JANE HUME: Look, his personal circumstances don't matter. In fact, personal circumstances of politicians shouldn't matter at all. I think the question is more about timing and the tone deafness of it. There's a lot of Australians out there, out there that are struggling, not just with the cost of living, although that is the number one issue, but also with housing, finding appropriate housing, finding a place that they can rent, finding a place that they can afford to buy, and the fact that he has bought this house, this very, looks like a lovely place, is probably inappropriate at this time and of course, it also means that his colleagues now have to go up and out and clean up on media to try and explain this decision away. You can imagine that, you know, Australians are waking up today and asking themselves the question, was this the right call for a Prime Minister to make right now?
RAF EPSTEIN: So if we're talking about his property, then, like, have you got an investment property?
JANE HUME: I don't. I don't, unfortunately.

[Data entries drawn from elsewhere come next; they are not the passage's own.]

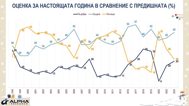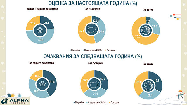 Въпреки тези кризи, оценките за изминалата 2023-та са по-добри от тези преди една година. Основно, защото за пълнолетните българи тя е била по-успешна за тях и семействата им, отколкото за страната и света.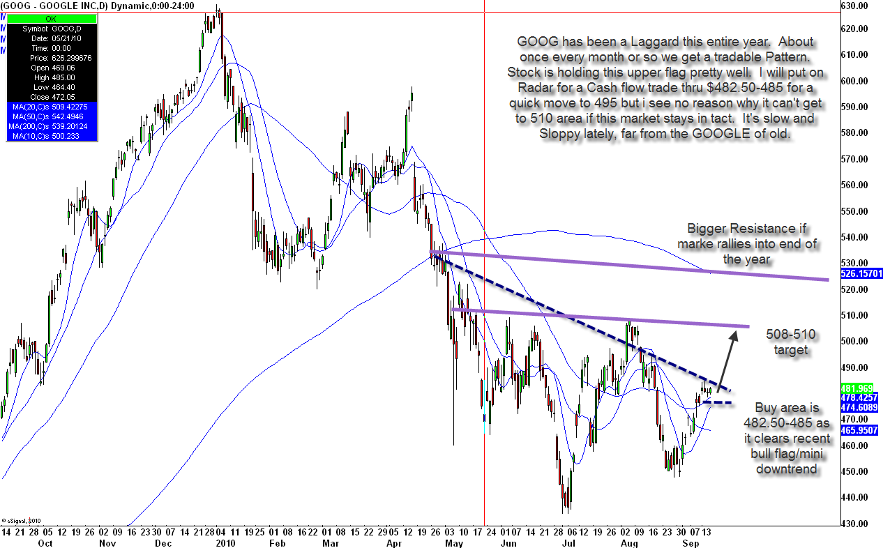 Google (NASDAQ: GOOG) has been a laggard this entire year and I’ve had it as an avoid, but every month or so I see a potential “cash flow” trading pattern. Right now many fundamental guys are starting to turn more positive and I see a decent tradable pattern in it.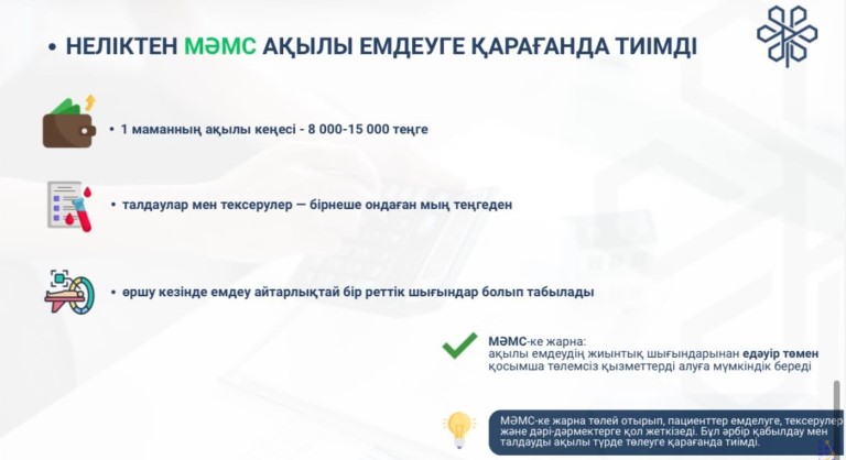 МӘМС арқылы: ✅ жоспарлы емді кешіктірмей аласыз ✅ тексерулер мен консультациялар қолжетімді болады ✅ қаржылық жүктеме азаяды ✅ асқынулардың алдын алуға көмектеседі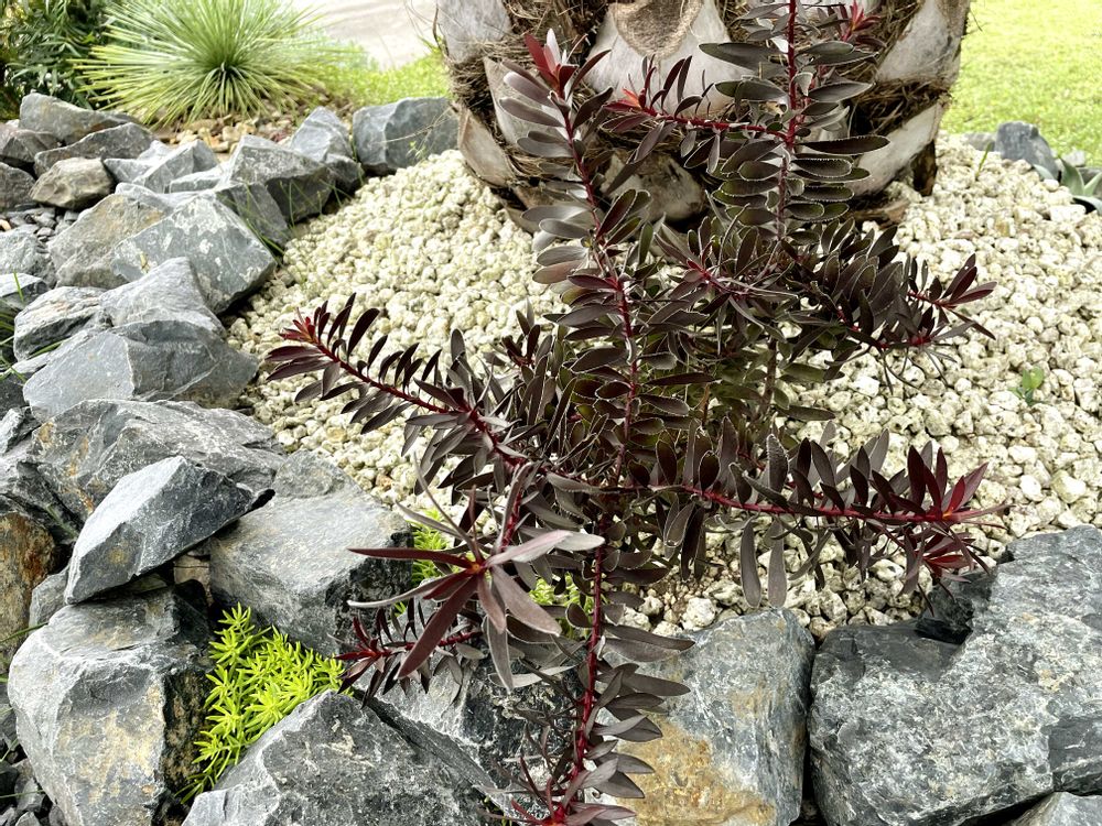 ヤシやアガベ ばかりだと黒系はなかなか無いので良いフォーカルポイントになります。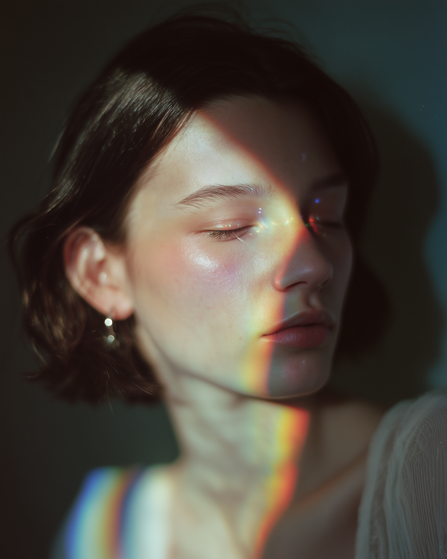 Close-up of a serene woman with a rainbow light effect on her face, creating a dreamy and artistic atmosphere.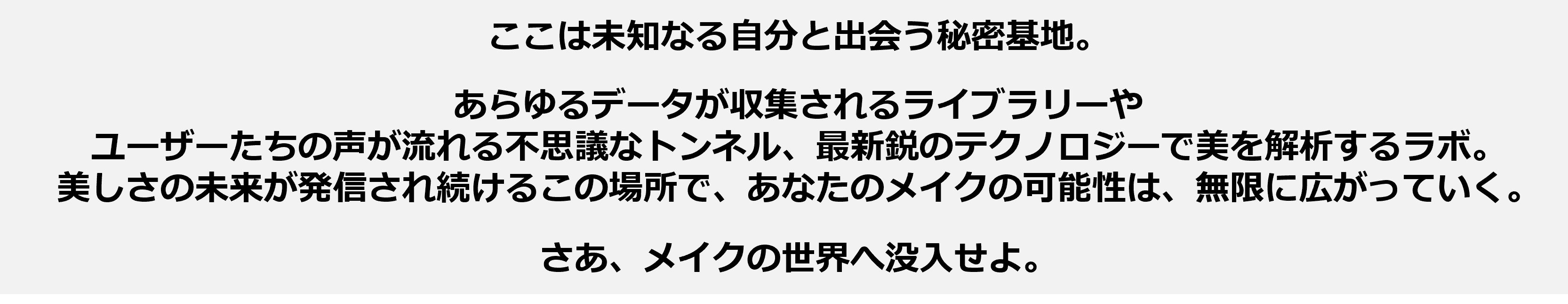 空間のコンセプトは「秘密基地」。遠くに見える都市を背景とした何もないはずの大地に、光を放つ不思議な建築物。その中では、メイクにまつわるあらゆるデータ、ユーザーたちのリアルな声、さまざまなテクノロジーによって、新しい自分に出会える体験ができます。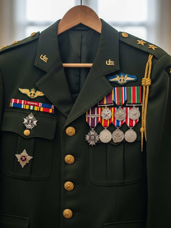 veterans medals displayed on an old uniform, created with generative ai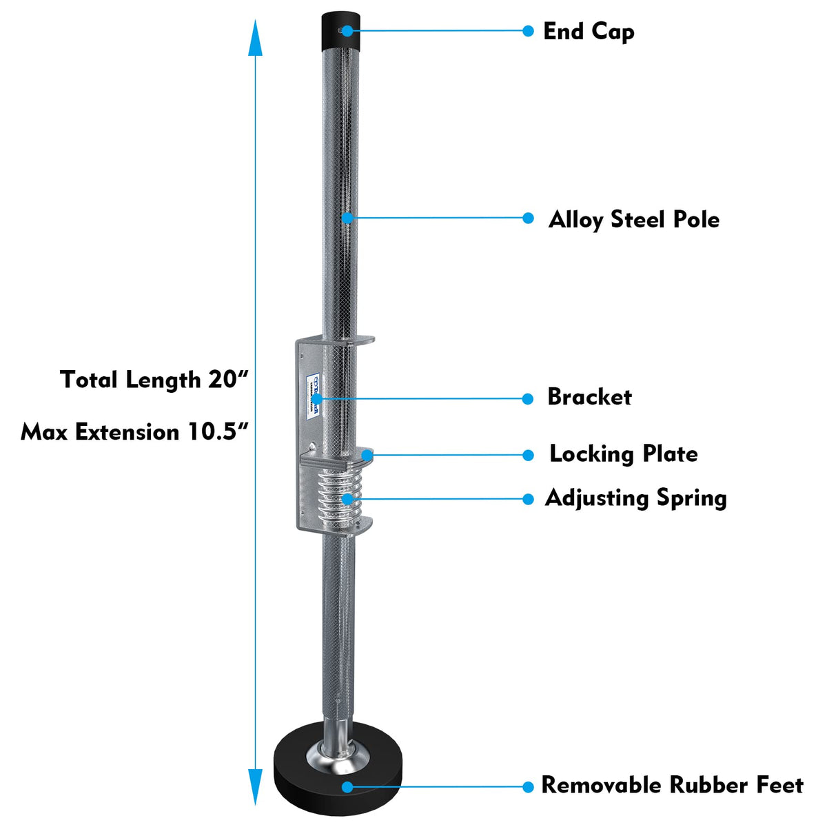 Specification: · Condition: Brand New · Material: high-quality alloy steel and natural rubber · Size: Length 22.4Inch · Maximum Extension: 13.3Inch · Weight: 3 lbs/pc · Load Capacity: Up to 400 lbs. Max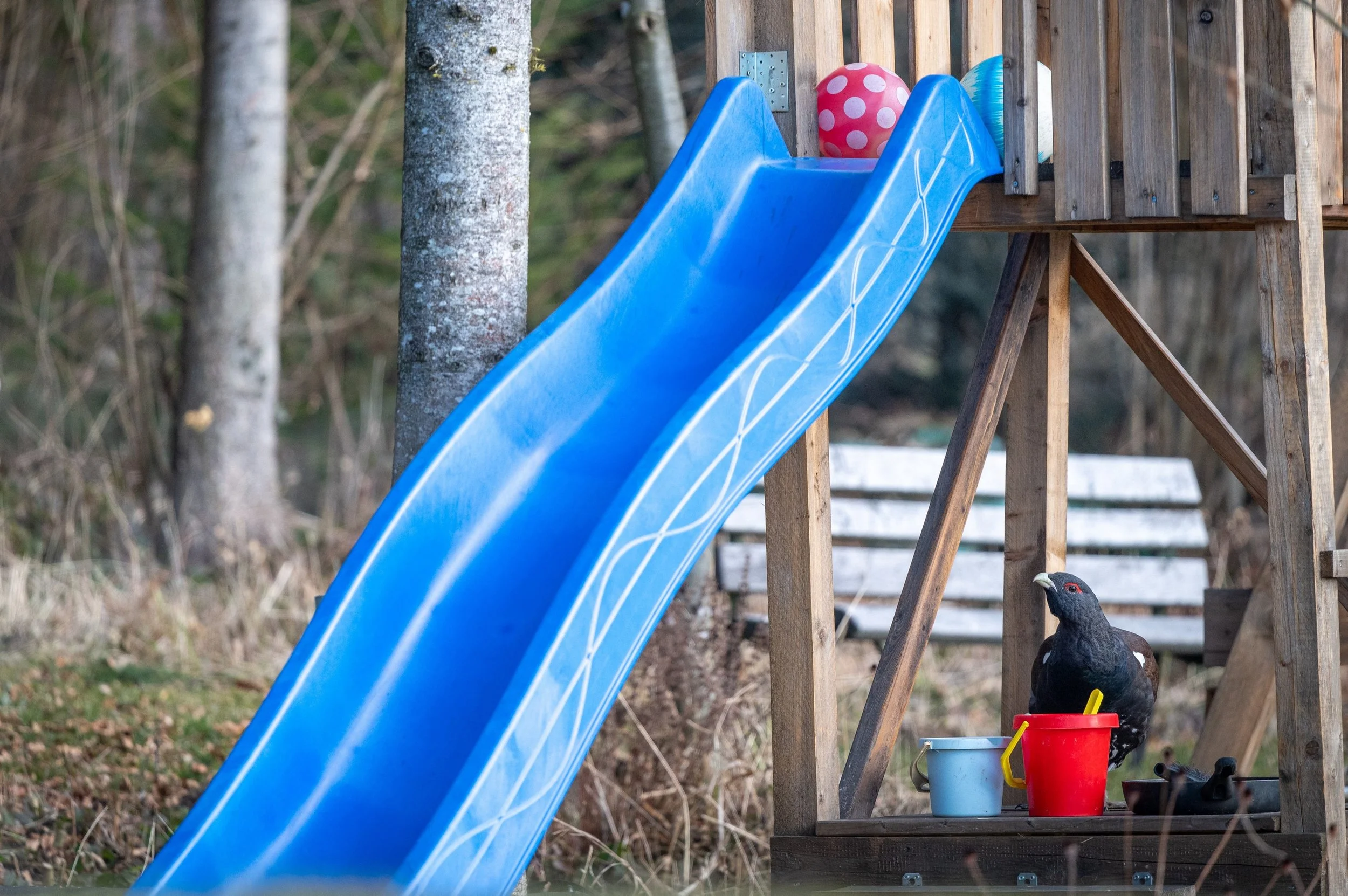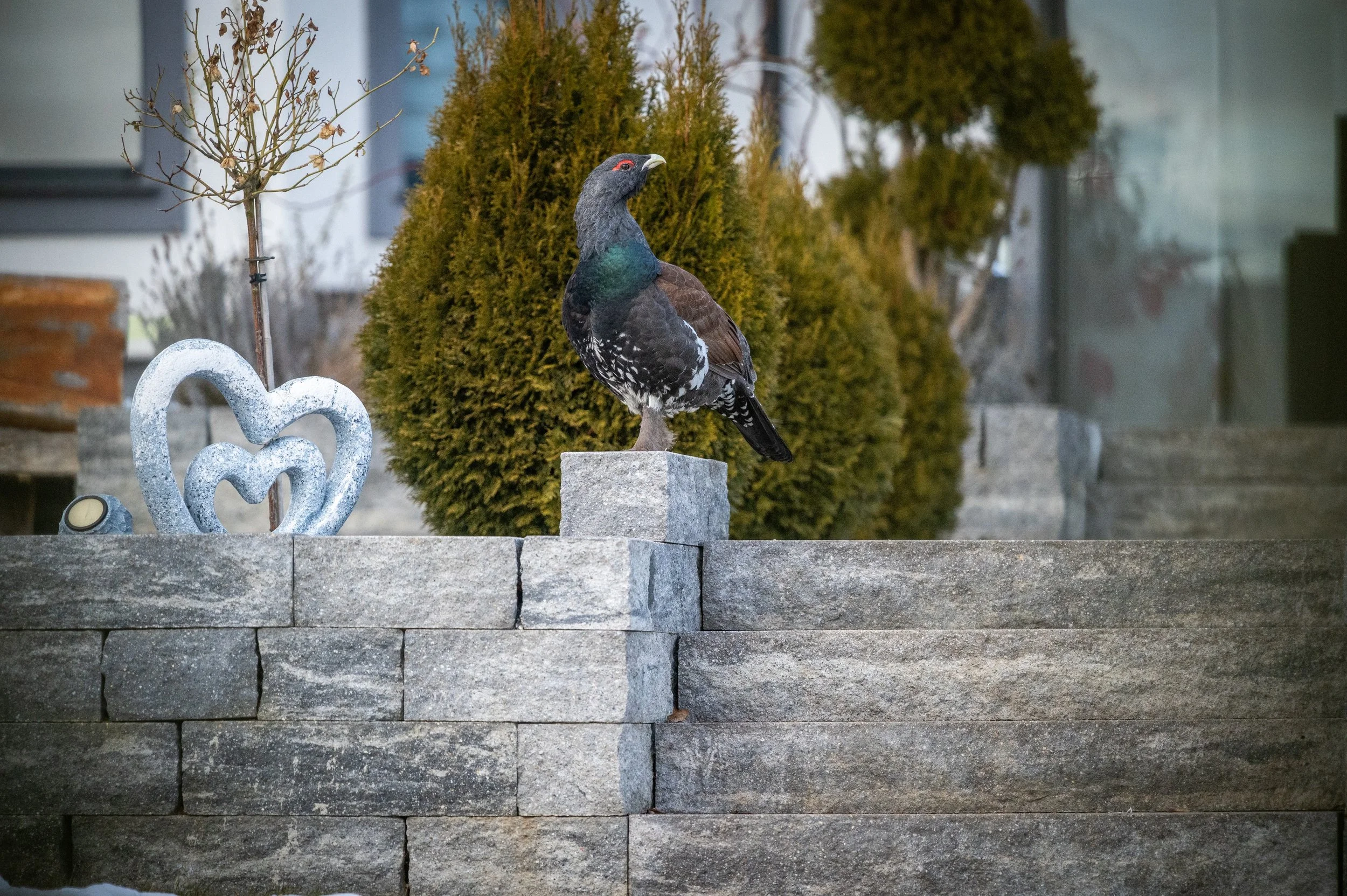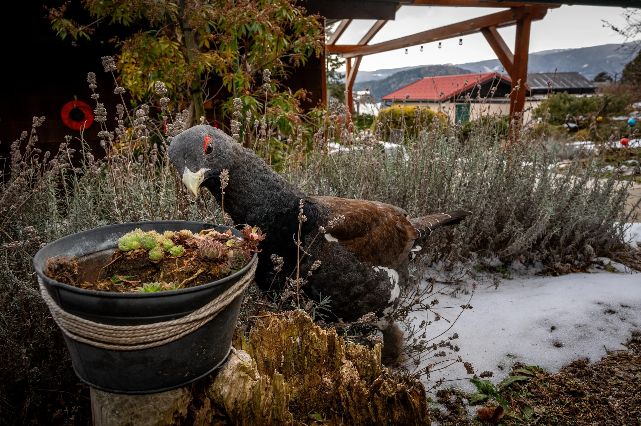 Navečer jsem se opět vypravil prozkoumat místo dopoledního pozorování, jestli se tetřev opět neukáže. Na místě už sice nebyl, ale po chvíli mi přišla smska od mé ženy, ať se rychle vrátím na ubytování - tetřev sem prý přiletěl na krmítko. Nemohl jsem uvěřit vlastním očím, ale bylo to skutečně tak. Tetřev se procházel po naší zahradě, ozobával pupeny okrasných dřevin a nebo si sedal přímo na krmítko. Podle slov majitele, se tetřev na jeho zahradě a na krmítku objevil ten den poprvé. Jelikož jsem zvyklý fotografovat primárně divoká zvířata ve volné přírodě, zpočátku jsem se snažil tetřeva dokumentovat tak, aby na snímcích nebyly vidět žádné civilizační výdobytky. Když nám ale teď přistál na zahradě, hned mi bylo jasné, že bude mnohem cennější a zároveň autentičtější zaznamenávat jeho chování v blízkosti lidských obydlí, tak jak je. Fotografování zvířecích jedinců habituovaných do lidské blízkosti nebo přímo synantropizovaných druhů je aktuálně ve zvířecí fotografii poměrně velký trend, který bývá označován jako tzv. urban wildlife. Tomuhle žánru jsem se dosud nevěnoval, ale tentokrát se to vyloženě nabízelo, přece jen, komu se poštěstí s ním začít s takto unikátním ptačím druhem.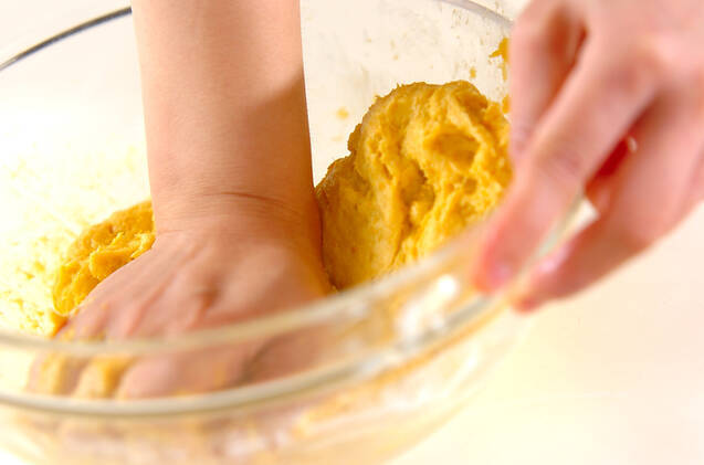 無塩バターが生地になじんだら、再びボウルの中で生地を押しつけるようにして力強くこねる。

RAF EPSTEIN: Is it a fair question to ask a politician every time they come on the radio? Have you got a property beyond your own house?
JANE HUME: I don't know whether it is. I don't know whether it is. You know, people's personal circumstances are their own, and you don't know (interrupted).
RAF EPSTEIN (INTERRUPTS): I’m just trying to find the line there, forgive the interruption Jane, because you're not sure if I should ask everyone if they’ve got an investment property, you aren't, you're willing to criticise the PM, I'm just trying to work out when you think we should or shouldn't talk about the politician's personal circumstance?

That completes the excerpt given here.